Do the environmental factors require a conversation? Yes, in those patients where you think you’ve done everything and there is there is still ongoing risk. The conversation might be had particularly if you live in an area with high exposure to air pollution, like Los Angeles; areas where there’s high forest fire exposure; or in communities seeing high arsenic levels or metal pollution.
It requires a pragmatic approach. Treat traditional risk factors first. If the patient does seem to have disproportionate exposure to certain types of environmental factors, a further conversation can be had.
Healio: What are the first steps to improving the impact of environmental pollution on CV health?
Rajagopalan: First, we need to sensitize physicians, nurse practitioners and other clinicians to understand the strong link between environmental exposures and CV health. Most environmental exposures mediate their effects on adverse health outcomes through CV pathways. Many physicians still don’t know that air pollution kills through CV events, not through lung cancer.

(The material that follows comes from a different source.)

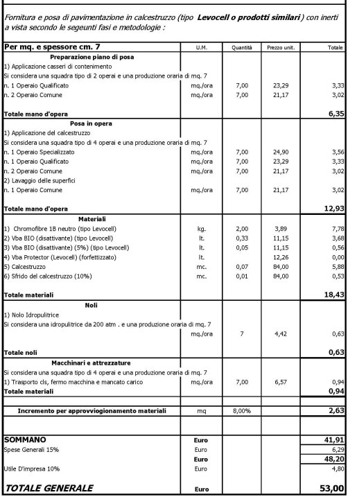 Fornitura e posa di pavimentazione in calcestruzzo tipo Levocell o similari, con inerti a vista secondo le normali fasi metodologiche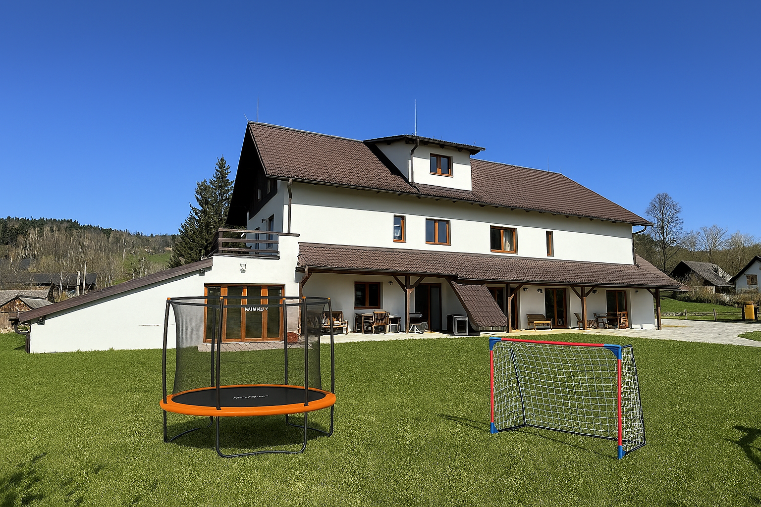 Pro děti: Nechybí velká trampolína a fotbalové branky, pískoviště, apod.

Second is incorporation of environmental exposures as part of clinical guidelines. This document from the American Heart Association/ACC/ESC and WHF is a step in the right direction, where societies have come together to recognize the importance of environmental exposures. The impact of environmental exposures should be formally part of most prevention guidelines, to recognize the large impact that these exposures have on cardiometabolic health. We physicians have narrowly focused on traditional risk factors when they examine patients, but now we need to zoom out to see the impact that socioeconomic circumstances and other environmental exposures have on health.
Most physicians know that your ZIP code is often a very good predictor of CV events because of environmental exposures, and due to social-environmental exposures often going together.
The American Heart Association hypertension guideline, for the first time, recognizes air pollution as an important risk factor. The European prevention guidelines recognize environmental factors.
Third is for physicians to be advocates for action in their communities. The climate argument has become too political. The way out of this is to put health in the center of the argument.
Fourth is what’s good for your CV health is good for the planet. Get your exercise, if possible. Try to walk or take a bike to work, if you can, and reduce your automobile usage.
Consume less. It’s good because it reduces your weight, and it reduces your risk for diabetes.
Eat more plants and less meat. Plant-based diets are good not only for your heart, but also for the planet.
Finally, anything in a plastic container is probably not good for you, because it’s ultraprocessed food. Here, I’m consistent with the USDA guidelines to say, don’t eat ultraprocessed food, eat fresh food as much as possible. You’re reducing plastic usage, and by doing that, you’re dissociating yourself from fossil fuel pollution, because petroleum is what it takes to make plastics.
These are some simple recipes for leading a heart-healthy life, but also helpful from an environmental exposure and planetary health perspective.